[doubtfuluser]

Putting on my Paranoia hat: what if some aggressor indeed was able to introduce code into the Nvidia drivers, which - if put on enough systems - would cripple the ability to (re-)train Ai systems which might be used in military defense systems. What if - even worse - people decided to use Nvidia hardware in the inference systems as well…

Putting down the paranoia hat. Happy weekend.

[ethbr0]

> would cripple the ability to (re-)train Ai systems which might be used in military defense systems

Not sure you're familiar with defense update and release schedules. As long as this gets fixed sometime in the next 5+ years, everything will be fine.

[AlexAltea]

> would cripple the ability to (re-)train Ai systems which might be used in military defense systems.

Crippling use-cases is quite difficult: how could you distinguish at hardware/firmware-level object detection for fighter jets vs object detection for cars. Under the hood everything is just a bunch of compute units with extremely wide ALUs. I would even say, it's next to impossible to cripple "AI" without crippling graphics engines and most GPGPU kernels.

EDIT: Ah, you meant drivers. Yeah, that's perhaps more doable (since the OS can provide context on the calling application), also more detectable by the end-users: many people diff drivers to find patched vulnerabilities, security researchers would eventually notice it.

[ganzuul]

Picking up said hat, we can ask why they would duplicate functionality already in the hardware if they could just steal the keys.
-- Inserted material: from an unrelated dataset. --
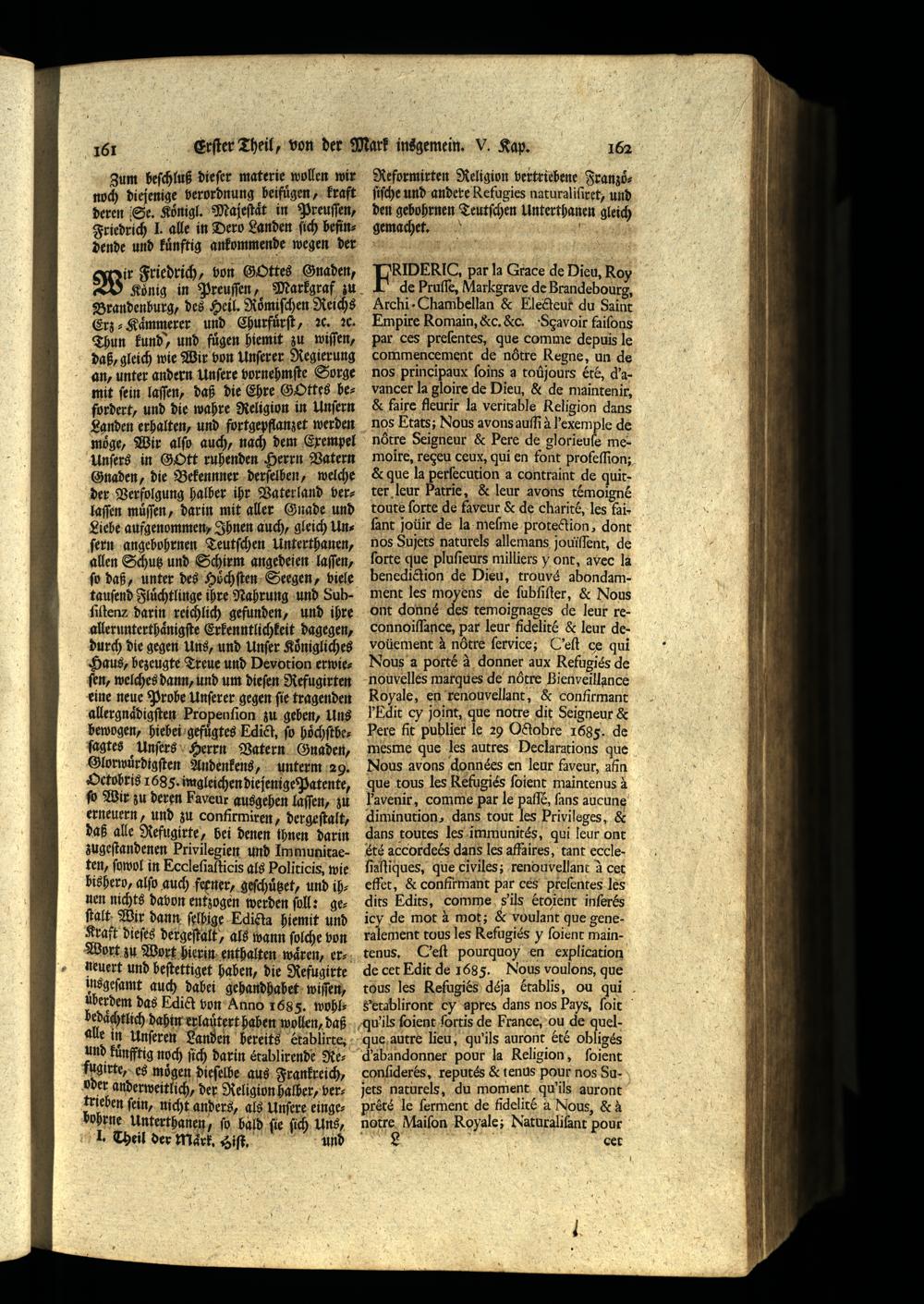 Fin har la Grace de Dieu, Roy de Pruſſe, Markgrave de Brandebourg, Archi- Chamhbellan& Electeuf du Saint Empire Romain,&c. Sc. Sgavoir faiſons Par ces preſentes, que comme depuis le commencement de nötre Regne, un de nos principaux ſoins a toujours Ete, d’avancer la gloire de Dien,& de maintenir, & faire fleurir la veritable Religion dans nos Etats; Nous avons auſſi à exemple de nötre Seigneur& Pere de glorieuſe memoire, regeu ceux, qui en font profeſſion:; & que la perſecution a contraint de quitter leur Fatrie,& leur avons tẽmoigne toute(orte de fayeur& de charitè, les fai.
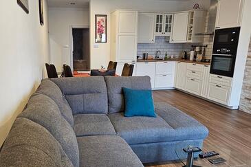 Az Apartman 3 főt tud fogadni. Az ágyak a/az 1 hálószobában, és a nappaliban/ben vannak, melynek méretei 45m2. A közös barbecue-helyet a vendég szabadon használhatja. A lefoglalt szállásegységhez nem tartozik erkély vagy terasz..

It's not a very good hat, honestly.

[Melio]

That's just a very very weird though. Sry but no one just hacks into Nvidias driver dev department and injects complex code to cripple ml training.

It's just nothing someone can just do. And there is also nothing which will prevent Nvidia to debug the ml issue and revert the change.

[pjerem]

AI aside, hacking into the driver’s build process to inject hidden backdoors into the drivers could be a realist attack.

[Melio]

Is it realistic though?

Hacking into Nvidias corp network, infiltrating their git server, disabling security scans and then injecting a backdoor undetected in complex code?

In a process which is highly controlled due to it being a very central peace of software.

Very unrealistic.

It's easier to find or buy zero days in the wild for the same goal

[nimrody]

Well.. that's exactly what happened to Solarwinds last year, didn't it?

Actually smarter than that - they got into the build system and added the malicious code in the build process so you couldn't see it in the repository.

Do you think it's that difficult for a state sponsored body to infiltrate into a commercial company?

[Melio]

The effort my big software company does on regards of requirements of releasing software, I would say yes.

Big companies like Nvidia have background checks, independent security teams etc.

Impossible? No. But easier and cheaper is still other means.

[prettyStandard]

Didn't a bunch of Linux distro s get infected with a "Ken Thompson Hack" a while back?

https://softwareengineering.stackexchange.com/questions/1848...

[prettyStandard]

Ok I think it was Delphi now, but my brain remembered debian. lol.

There is a double cross compilation method to detect if you are infected.

https://wiki.c2.com/?TheKenThompsonHack

[pinephoneguy]

This has always been a problem. Third party closed source OS components are a massive security risk. Te people of the next century will look back on us as barbarians.